Your instructions: Your answer should consist only of the lines below from the one with "ヘコむあだ名 | 『あかさかたいが(笑)』『あかにー』 |" through the one with "Школьник не послушался", copied exactly.

Provided data:
# # #
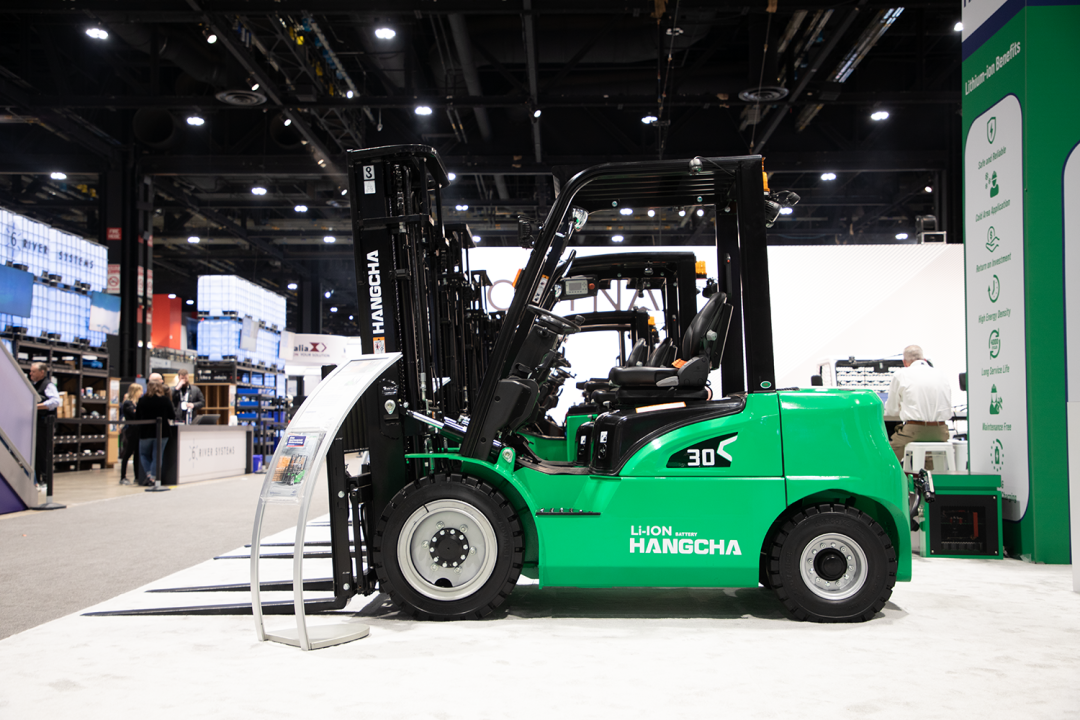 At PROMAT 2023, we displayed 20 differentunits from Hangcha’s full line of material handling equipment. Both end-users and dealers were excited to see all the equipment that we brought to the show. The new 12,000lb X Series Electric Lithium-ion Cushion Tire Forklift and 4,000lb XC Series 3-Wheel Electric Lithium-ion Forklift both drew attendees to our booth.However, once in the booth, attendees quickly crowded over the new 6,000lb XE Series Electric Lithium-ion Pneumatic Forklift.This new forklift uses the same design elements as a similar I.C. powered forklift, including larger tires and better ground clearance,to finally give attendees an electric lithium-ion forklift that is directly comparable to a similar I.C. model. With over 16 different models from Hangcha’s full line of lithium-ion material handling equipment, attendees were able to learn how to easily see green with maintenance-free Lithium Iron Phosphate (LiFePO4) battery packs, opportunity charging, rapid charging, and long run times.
# # #
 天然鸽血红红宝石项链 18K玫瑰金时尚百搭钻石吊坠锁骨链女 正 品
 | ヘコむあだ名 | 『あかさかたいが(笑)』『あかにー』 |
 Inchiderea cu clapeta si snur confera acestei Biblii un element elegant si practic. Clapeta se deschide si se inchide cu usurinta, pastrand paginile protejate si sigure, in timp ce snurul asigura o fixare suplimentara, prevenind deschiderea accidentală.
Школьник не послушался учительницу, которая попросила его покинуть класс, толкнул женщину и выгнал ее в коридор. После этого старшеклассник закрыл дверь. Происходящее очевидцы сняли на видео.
# # #
Output below:
 | ヘコむあだ名 | 『あかさかたいが(笑)』『あかにー』 |
 Inchiderea cu clapeta si snur confera acestei Biblii un element elegant si practic. Clapeta se deschide si se inchide cu usurinta, pastrand paginile protejate si sigure, in timp ce snurul asigura o fixare suplimentara, prevenind deschiderea accidentală.
Школьник не послушался учительницу, которая попросила его покинуть класс, толкнул женщину и выгнал ее в коридор. После этого старшеклассник закрыл дверь. Происходящее очевидцы сняли на видео.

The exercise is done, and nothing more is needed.